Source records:
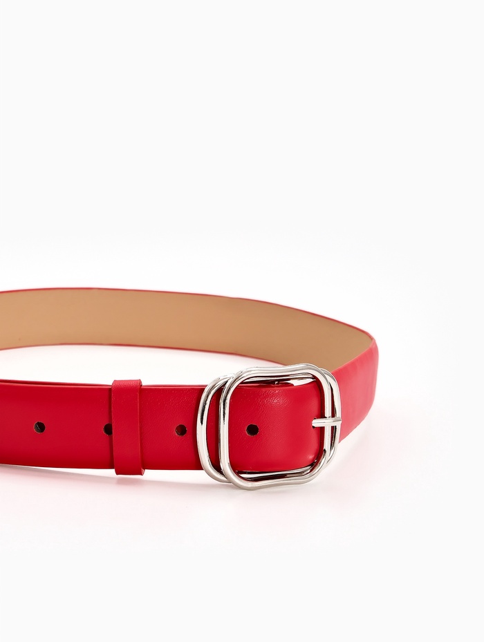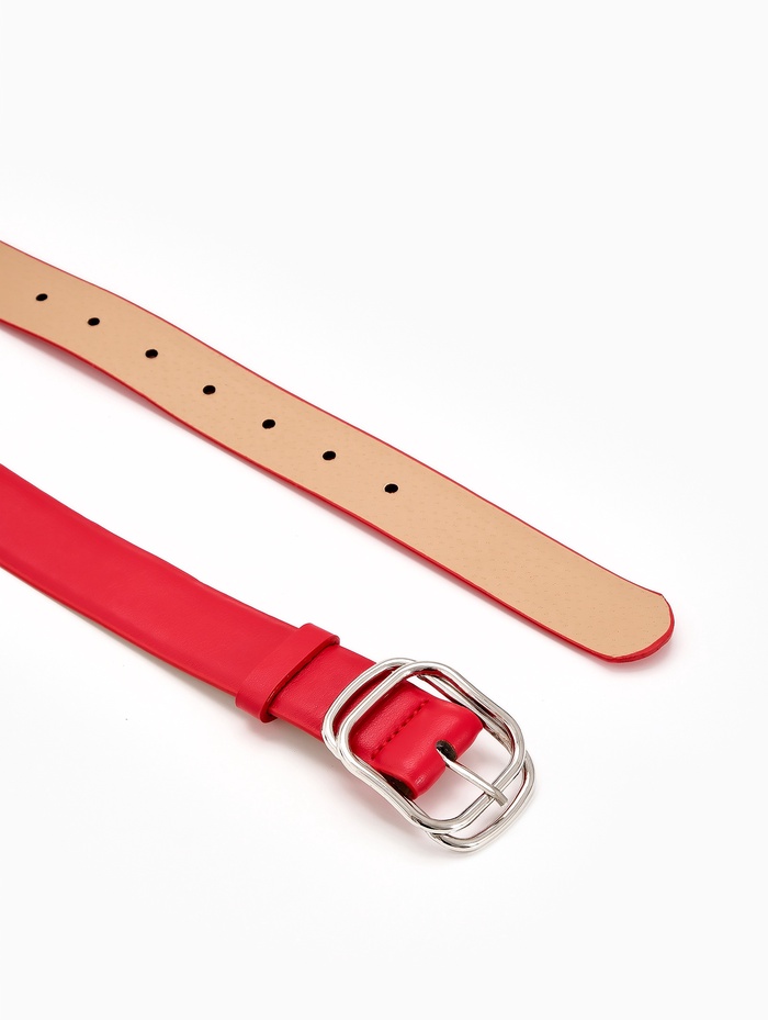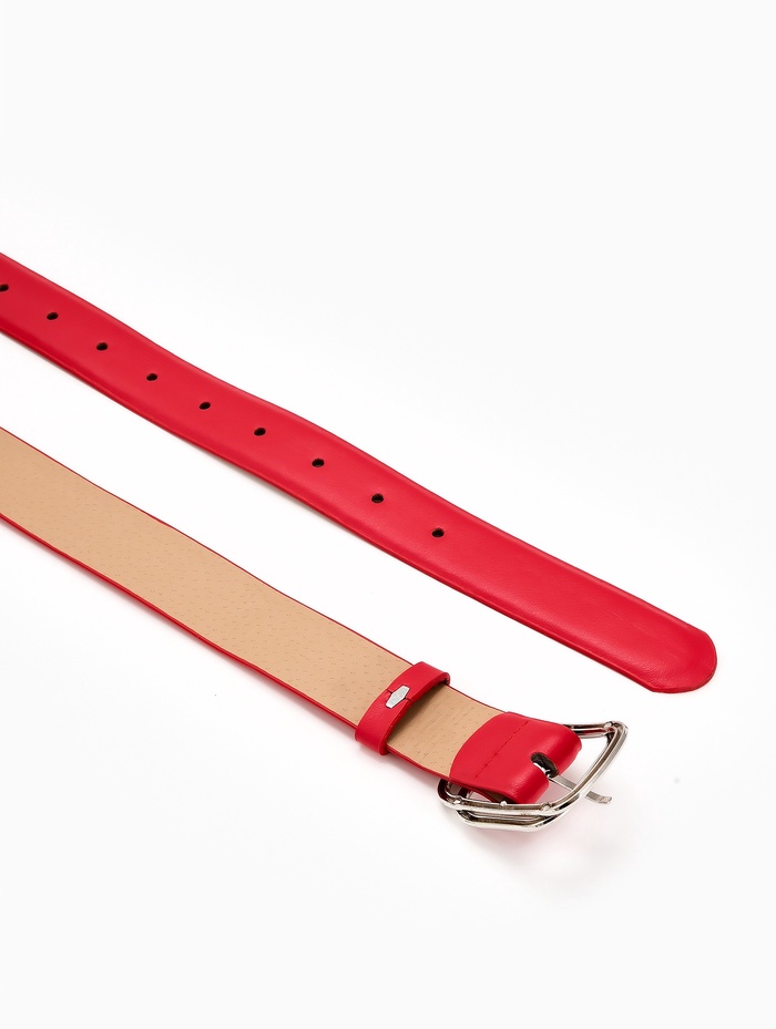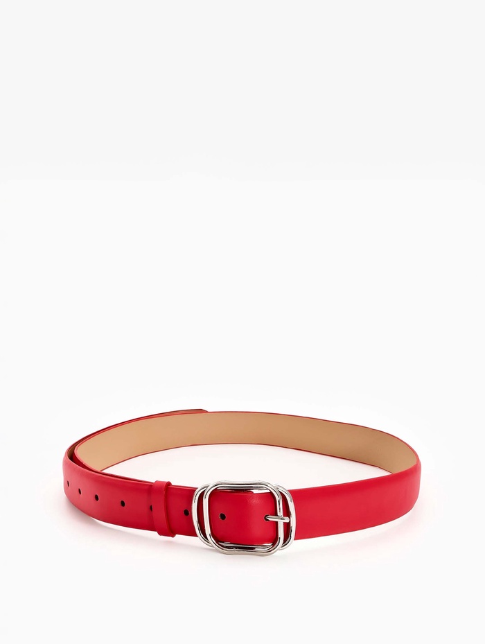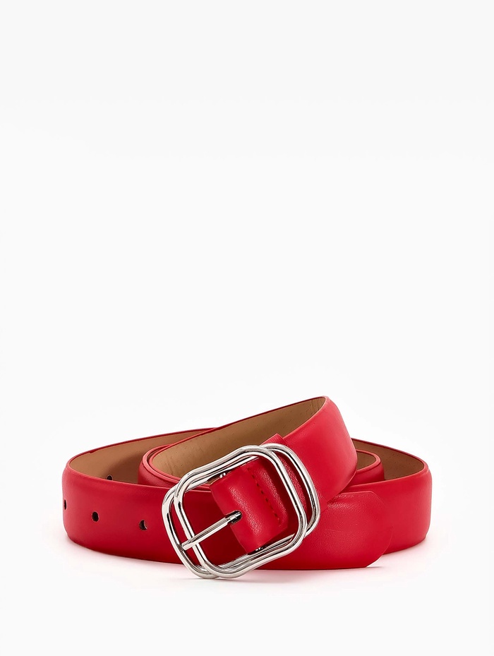 Яркий красный ремень с серебряной пряжкой станет смелым акцентом в вашем гардеробе. Модель 3,2 см мягко охватывает талию, создавая выразительный силуэт. Холодный оттенок фурнитуры подчеркивает насыщенность цвета, создавая современное сочетание.
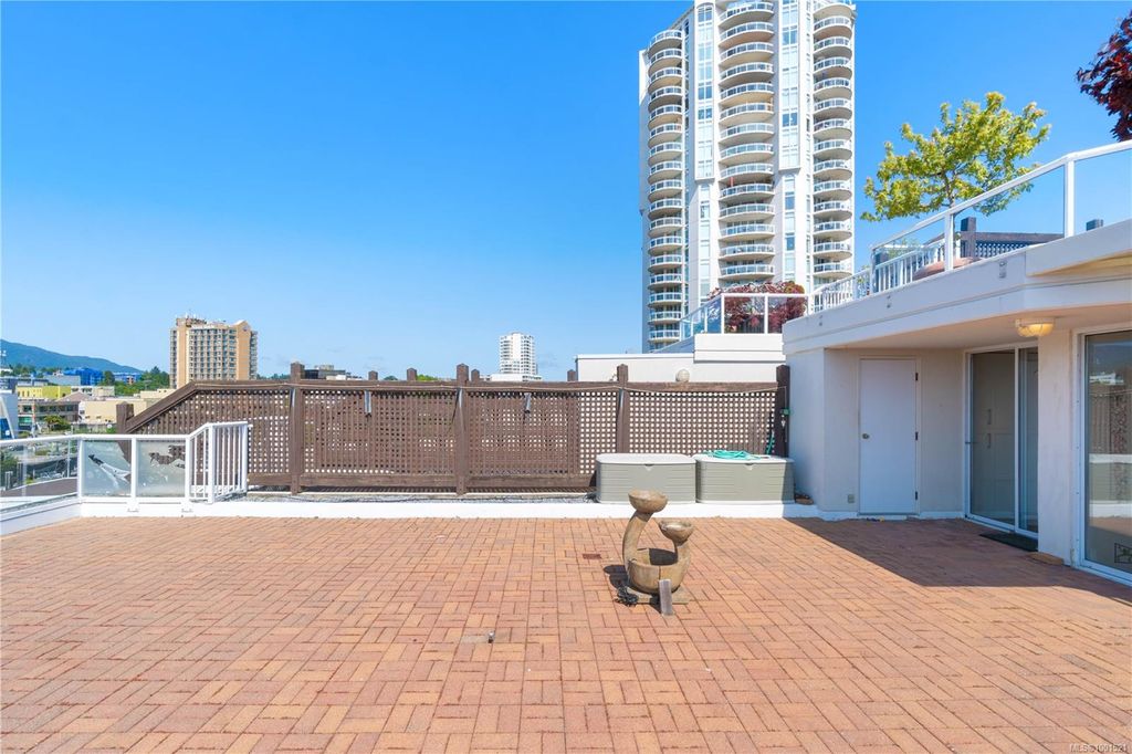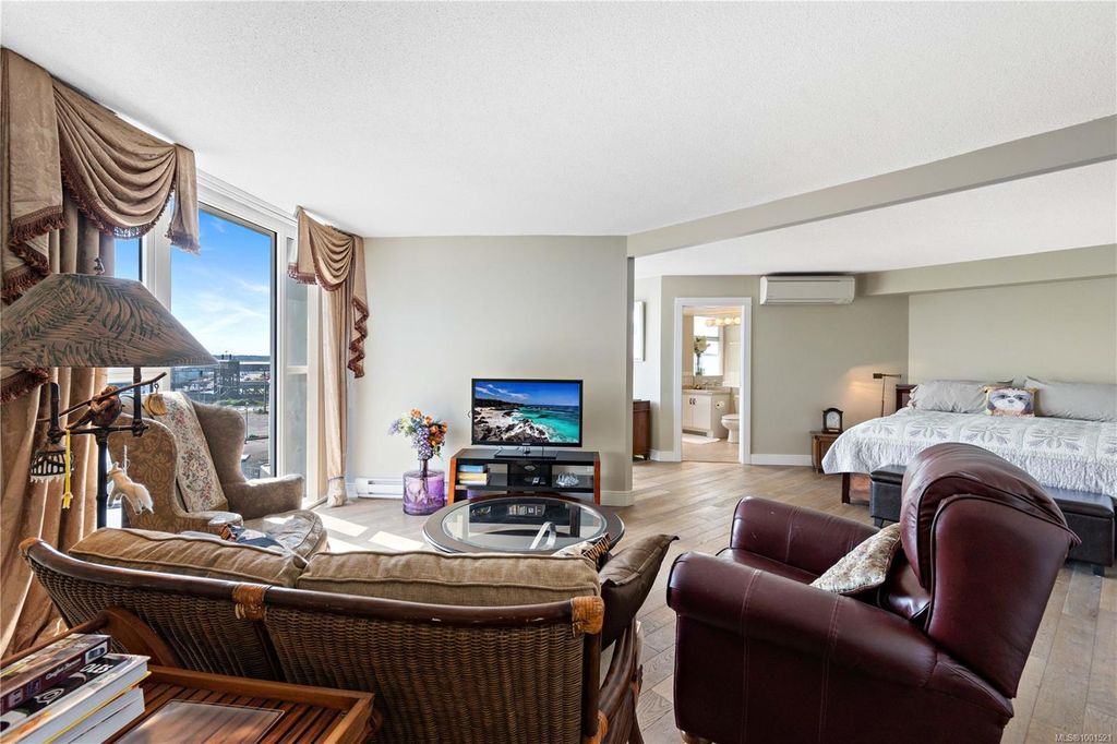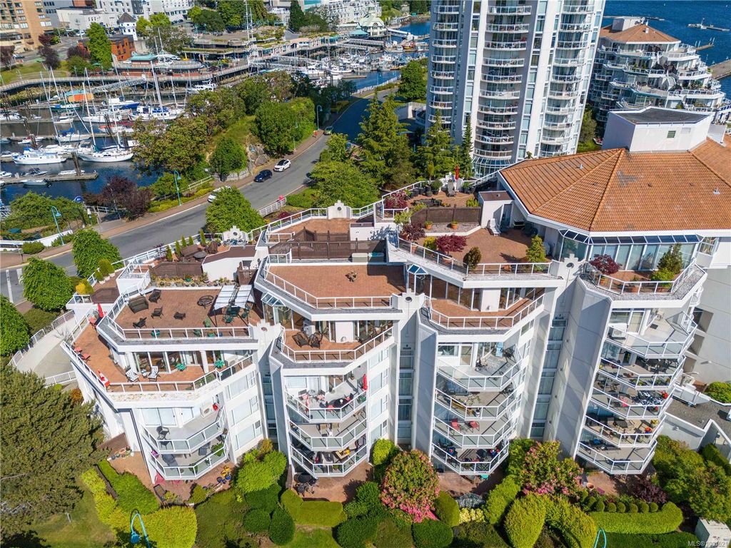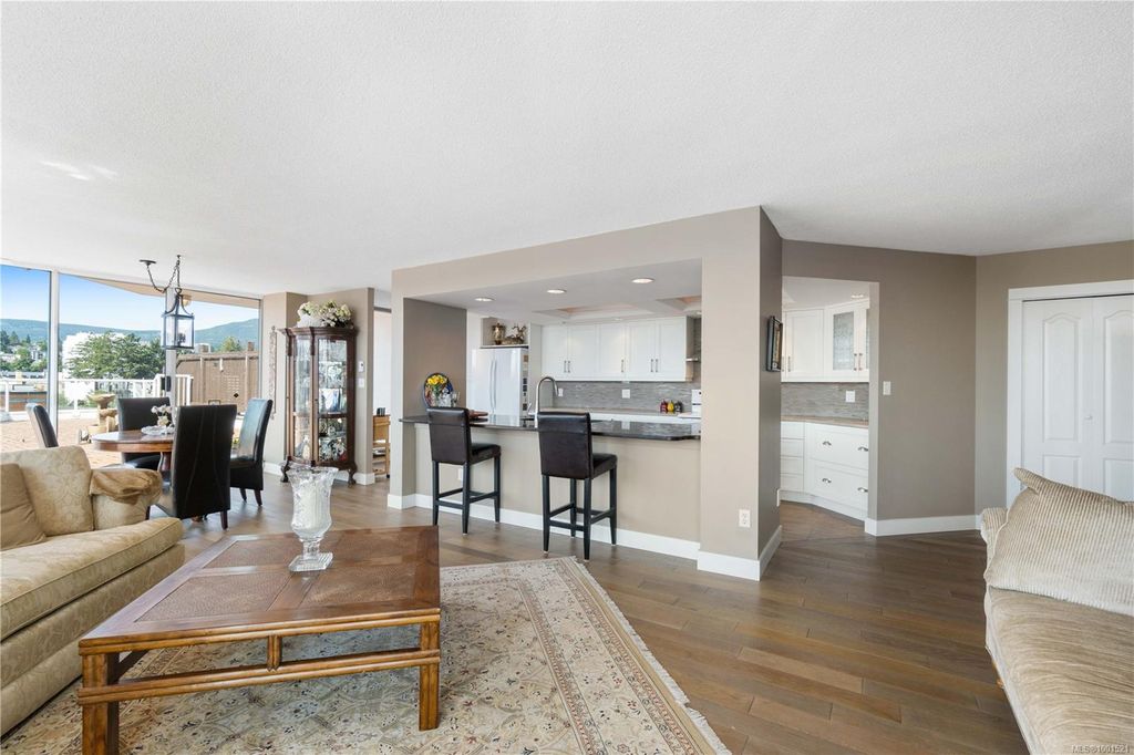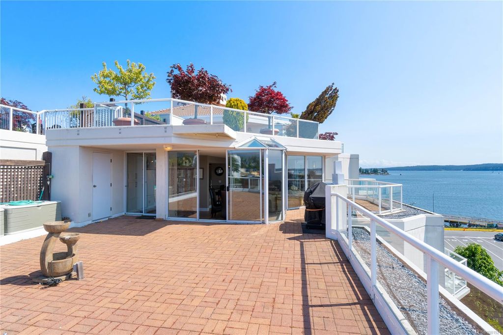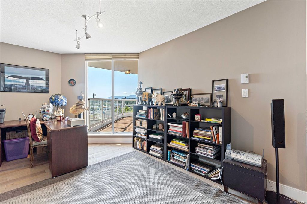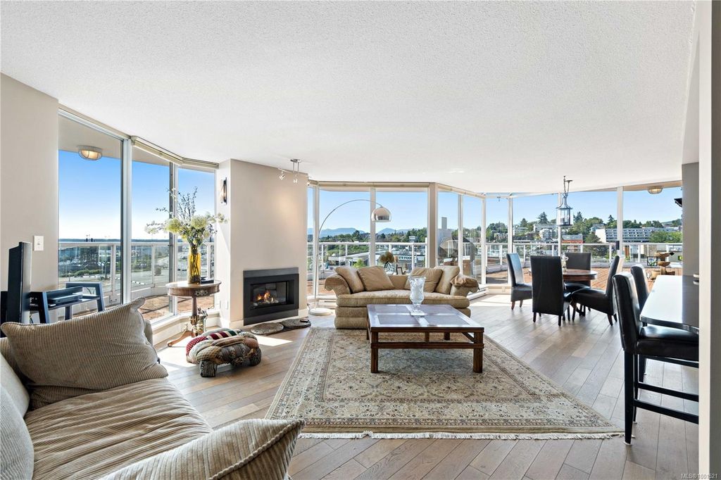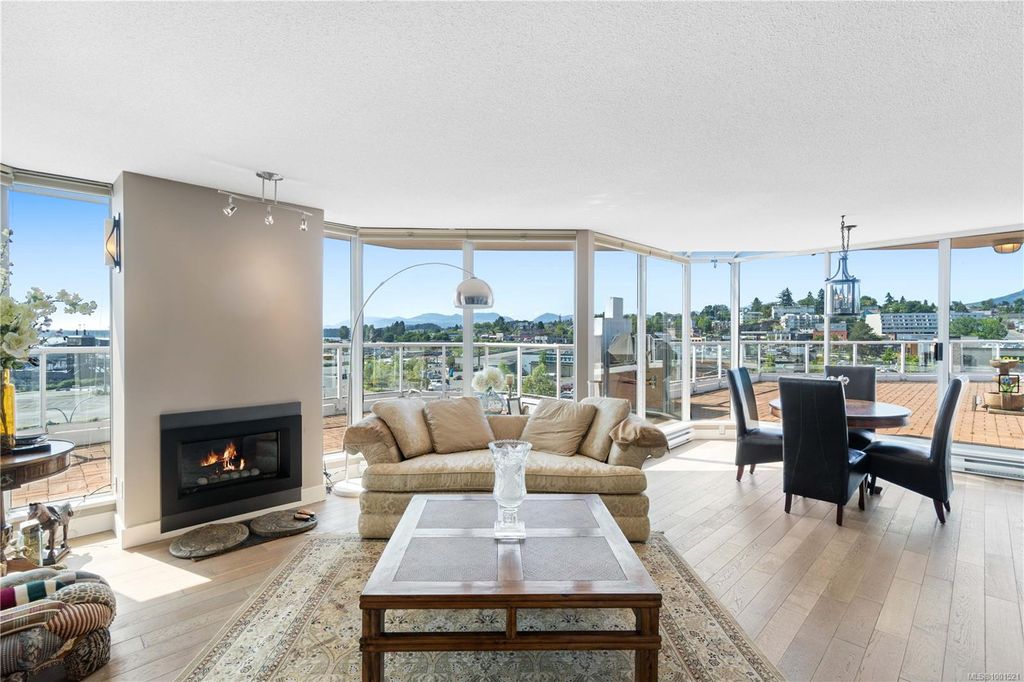 Experience luxury living in the “Gabriola” on Cameron Island, along Nanaimo’s Harbourfront Promenade! This 1,742 sq ft condo offers stunning views of Mount Benson, city lights, and the inner harbour through south and east facing floor-to-ceiling windows. The open-concept living room, dining room, and kitchen create an ideal space for entertaining. Relax by the gas fireplace or step out onto the expansive 900 sq ft patio to enjoy the panoramic views. Numerous updates include beautiful hardwood floors throughout. The kitchen features stone countertops and updated cabinetry with ample storage. The spacious primary suite, with a 4-piece ensuite, double closets, sitting area, and balcony was created by combining two bedrooms and can be restored to its original layout. Additional features include a den, heat pump, in-suite laundry, two underground parking stalls, and a storage locker. Walk to shopping, dining, and entertainment with easy access to floatplane and ferry service to Vancouver.
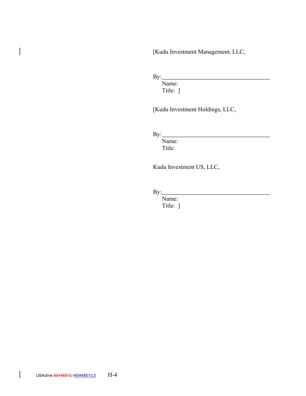 [Kudu Investment Management, LLC, By: Name: Title: ] [Kudu Investment Holdings, LLC, By: Name: Title: Kudu Investment US, LLC, By: Name: Title: ] USActive 60448513.160448513.5 H-4
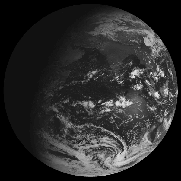 この画像は、インド洋上にある静止気象衛星Meteosatが2002年12月4日04:00 UTCから12:00にかけて30分おきに捉えた日食の影の動画像です。日食は、地球と太陽の間に月が入ることによって、太陽の一部または全部が隠れる現象ですが、これにより地球に月の影ができます。この動画を見ると、画像左側に位置するアフリカ大陸から右下方のインド洋にかけて、黒い影が移動していく様子がよく分かります。赤道上を右から左に移動していく白い円形状のパターンは太陽の反射光です。
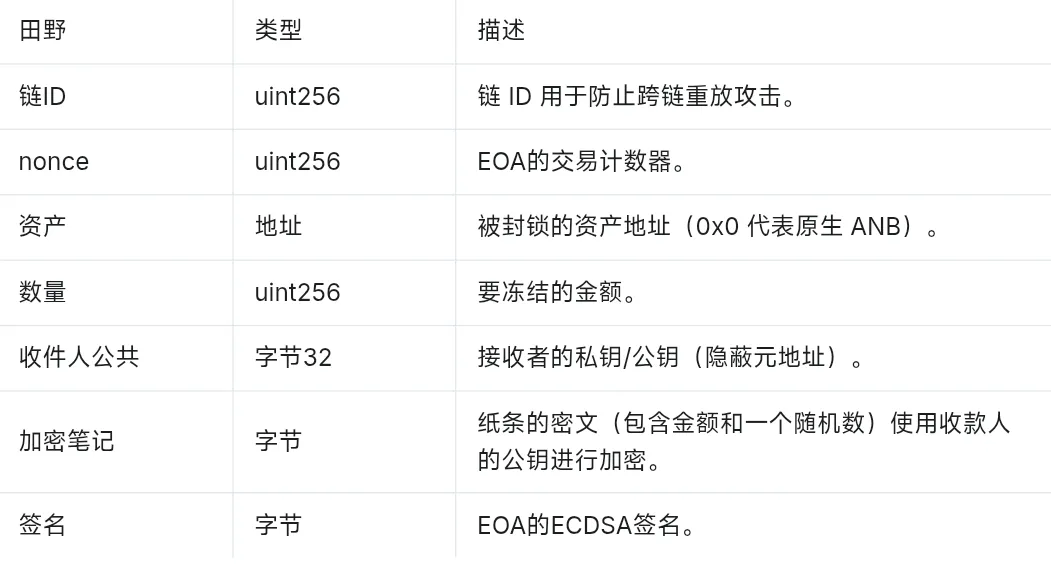 为了原生支持与 EVM 兼容的链上的隐私操作,Anubis 采用了 EIP-2718 类型的交易信封标准。与 EIP-1559(类型 2)等标准交易不同,Anubis 定义了自己的交易类型范围 0x64 到 0x67(十进制 100-103),用于承载隐私相关的元数据,例如零知识证明、空运算符和承诺。

__What to produce__. Copy each entry exactly, with no pictures.

__Solution below__.
 Яркий красный ремень с серебряной пряжкой станет смелым акцентом в вашем гардеробе. Модель 3,2 см мягко охватывает талию, создавая выразительный силуэт. Холодный оттенок фурнитуры подчеркивает насыщенность цвета, создавая современное сочетание.
 Experience luxury living in the “Gabriola” on Cameron Island, along Nanaimo’s Harbourfront Promenade! This 1,742 sq ft condo offers stunning views of Mount Benson, city lights, and the inner harbour through south and east facing floor-to-ceiling windows. The open-concept living room, dining room, and kitchen create an ideal space for entertaining. Relax by the gas fireplace or step out onto the expansive 900 sq ft patio to enjoy the panoramic views. Numerous updates include beautiful hardwood floors throughout. The kitchen features stone countertops and updated cabinetry with ample storage. The spacious primary suite, with a 4-piece ensuite, double closets, sitting area, and balcony was created by combining two bedrooms and can be restored to its original layout. Additional features include a den, heat pump, in-suite laundry, two underground parking stalls, and a storage locker. Walk to shopping, dining, and entertainment with easy access to floatplane and ferry service to Vancouver.
 [Kudu Investment Management, LLC, By: Name: Title: ] [Kudu Investment Holdings, LLC, By: Name: Title: Kudu Investment US, LLC, By: Name: Title: ] USActive 60448513.160448513.5 H-4
 この画像は、インド洋上にある静止気象衛星Meteosatが2002年12月4日04:00 UTCから12:00にかけて30分おきに捉えた日食の影の動画像です。日食は、地球と太陽の間に月が入ることによって、太陽の一部または全部が隠れる現象ですが、これにより地球に月の影ができます。この動画を見ると、画像左側に位置するアフリカ大陸から右下方のインド洋にかけて、黒い影が移動していく様子がよく分かります。赤道上を右から左に移動していく白い円形状のパターンは太陽の反射光です。
 为了原生支持与 EVM 兼容的链上的隐私操作,Anubis 采用了 EIP-2718 类型的交易信封标准。与 EIP-1559(类型 2)等标准交易不同,Anubis 定义了自己的交易类型范围 0x64 到 0x67(十进制 100-103),用于承载隐私相关的元数据,例如零知识证明、空运算符和承诺。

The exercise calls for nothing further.